The desire for optimization not only pervades our private and working lives in countless ways, but also plays a central role in practically all areas of applied mathematics. However, the specific problems and solution methods differ greatly depending on the mathematical discipline.

Our central area of research and teaching is discrete optimization. This deals with problems whose solutions require “discrete” decisions. This contrasts with continuous optimization: for the optimal composition of a stock portfolio, for example, it may make sense to invest 52.7% of the available funds in stock A, 32.3% in stock B and 15% in stock C. In contrast, any algorithm used for a navigation system must make a full decision between discrete options at every intersection - no user of this navigation system will be happy with the suggestion to turn left at 52.7%.

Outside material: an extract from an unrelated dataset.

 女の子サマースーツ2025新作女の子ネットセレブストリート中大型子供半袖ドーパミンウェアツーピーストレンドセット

Mathematically, discrete decisions can often be formulated as integer constraints. These change the properties and complexity of the optimization problems considerably, which means that the most successful ideas of continuous optimization (derivative/gradient, local extrema, convexity) are only rarely and indirectly applicable in discrete optimization.

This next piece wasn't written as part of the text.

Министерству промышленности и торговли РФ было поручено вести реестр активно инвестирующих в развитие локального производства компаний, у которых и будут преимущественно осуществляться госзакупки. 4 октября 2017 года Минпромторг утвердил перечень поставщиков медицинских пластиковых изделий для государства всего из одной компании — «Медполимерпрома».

Finite graphs or networks are a versatile tool for modeling discrete optimization problems.Therefore, our second focus is on graph theory. In addition to algorithmic aspects, we study structural properties, where there is often fruitful interaction - deep structural insights enable efficient algorithms and, conversely, algorithmic questions motivate interesting structural research. Structural questions that drive us are e.g:

    Which structures characterize a certain class of graphs?
    Which properties allow us to color a graph with a few colors?
    How do structural parameters influence algebraic parameters of a graph?

Compared to classical fields of mathematics, discrete optimization and graph theory are comparatively young disciplines.In fact, the development of computers has contributed significantly to their dynamic development in recent decades.This is due to the fact that computers are ultimately machines for manipulating discrete data and the algorithmic methods developed and analyzed by discrete optimization are only of great practical use when implemented on computers.Due to their young age, discrete optimization and graph theory are still full of fundamental open problems that are often very easy to formulate.
It is already possible to deal with these open questions and make your own contributions as part of a Bachelor's or Master's thesis. As a result, it is not uncommon for theses to lead to scientific publications.

The proximity to relevant applications also makes the Institute of Optimization and Operations Research a suitable partner for the technical supervision of work placements. During such internships, the methods from the lecture are often further developed and adapted in order to solve specific algorithmic problems from practice.